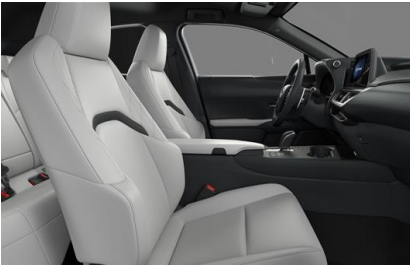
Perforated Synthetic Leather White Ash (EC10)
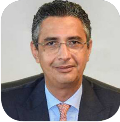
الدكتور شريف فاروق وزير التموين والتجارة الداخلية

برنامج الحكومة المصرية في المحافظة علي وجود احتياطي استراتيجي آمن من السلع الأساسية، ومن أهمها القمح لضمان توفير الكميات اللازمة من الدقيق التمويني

> What you need to do
A verbatim copy of the data, free of pictures, is the expected answer.

> Finished exercise
Perforated Synthetic Leather White Ash (EC10)
الدكتور شريف فاروق وزير التموين والتجارة الداخلية

برنامج الحكومة المصرية في المحافظة علي وجود احتياطي استراتيجي آمن من السلع الأساسية، ومن أهمها القمح لضمان توفير الكميات اللازمة من الدقيق التمويني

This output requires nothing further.